TASK TO CARRY OUT:
Pictures in the listing below are skipped, while the lines from the "Trolley New Jack" line through the "Cardápio, Convite ou" line are returned word for word.

SUPPLIED RECORDS:
• • • • •

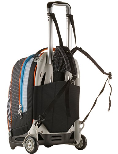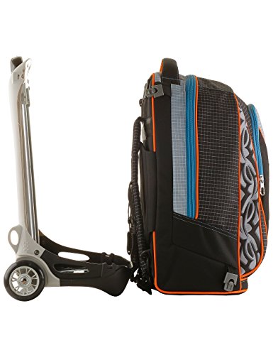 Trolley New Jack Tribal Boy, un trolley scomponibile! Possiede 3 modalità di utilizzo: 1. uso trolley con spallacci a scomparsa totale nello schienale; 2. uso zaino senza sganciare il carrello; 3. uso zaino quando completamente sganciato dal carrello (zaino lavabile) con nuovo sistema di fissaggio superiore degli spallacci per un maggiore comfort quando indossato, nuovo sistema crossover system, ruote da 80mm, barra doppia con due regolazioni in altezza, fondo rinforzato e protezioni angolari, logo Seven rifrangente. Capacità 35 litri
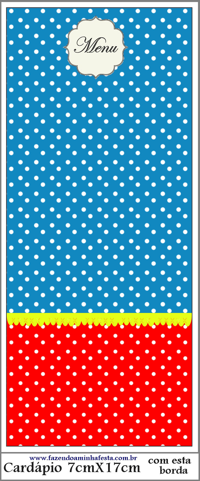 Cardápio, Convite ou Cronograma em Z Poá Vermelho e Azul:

• • • • •

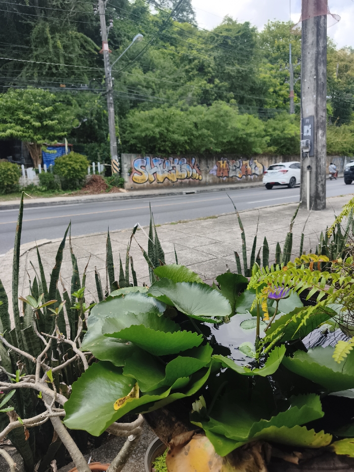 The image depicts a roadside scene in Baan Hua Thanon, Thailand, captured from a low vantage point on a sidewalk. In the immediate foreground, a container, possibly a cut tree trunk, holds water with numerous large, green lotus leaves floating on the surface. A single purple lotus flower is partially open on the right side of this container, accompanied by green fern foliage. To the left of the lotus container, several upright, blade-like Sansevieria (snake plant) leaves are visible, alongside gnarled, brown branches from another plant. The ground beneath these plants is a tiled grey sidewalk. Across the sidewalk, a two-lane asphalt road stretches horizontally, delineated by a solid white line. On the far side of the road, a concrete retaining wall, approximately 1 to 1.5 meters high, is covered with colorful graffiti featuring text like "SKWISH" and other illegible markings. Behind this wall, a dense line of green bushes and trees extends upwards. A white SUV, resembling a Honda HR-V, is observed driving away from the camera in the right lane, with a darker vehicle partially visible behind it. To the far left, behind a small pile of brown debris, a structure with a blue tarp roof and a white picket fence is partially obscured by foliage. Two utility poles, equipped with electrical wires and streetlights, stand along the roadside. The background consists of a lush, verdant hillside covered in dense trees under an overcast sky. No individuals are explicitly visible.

• • • • •

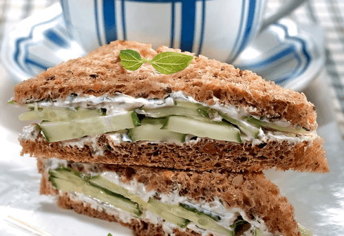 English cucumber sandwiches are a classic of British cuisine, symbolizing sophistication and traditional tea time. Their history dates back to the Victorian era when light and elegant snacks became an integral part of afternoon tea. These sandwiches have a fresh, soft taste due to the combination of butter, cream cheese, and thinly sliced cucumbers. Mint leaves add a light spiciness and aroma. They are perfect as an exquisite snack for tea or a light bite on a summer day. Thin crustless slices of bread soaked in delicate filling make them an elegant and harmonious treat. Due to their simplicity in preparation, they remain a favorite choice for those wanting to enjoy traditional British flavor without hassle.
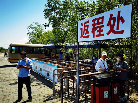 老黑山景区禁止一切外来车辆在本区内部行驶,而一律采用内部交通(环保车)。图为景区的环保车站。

• • • • •

FINISHED EXERCISE:
 Trolley New Jack Tribal Boy, un trolley scomponibile! Possiede 3 modalità di utilizzo: 1. uso trolley con spallacci a scomparsa totale nello schienale; 2. uso zaino senza sganciare il carrello; 3. uso zaino quando completamente sganciato dal carrello (zaino lavabile) con nuovo sistema di fissaggio superiore degli spallacci per un maggiore comfort quando indossato, nuovo sistema crossover system, ruote da 80mm, barra doppia con due regolazioni in altezza, fondo rinforzato e protezioni angolari, logo Seven rifrangente. Capacità 35 litri
 Cardápio, Convite ou Cronograma em Z Poá Vermelho e Azul:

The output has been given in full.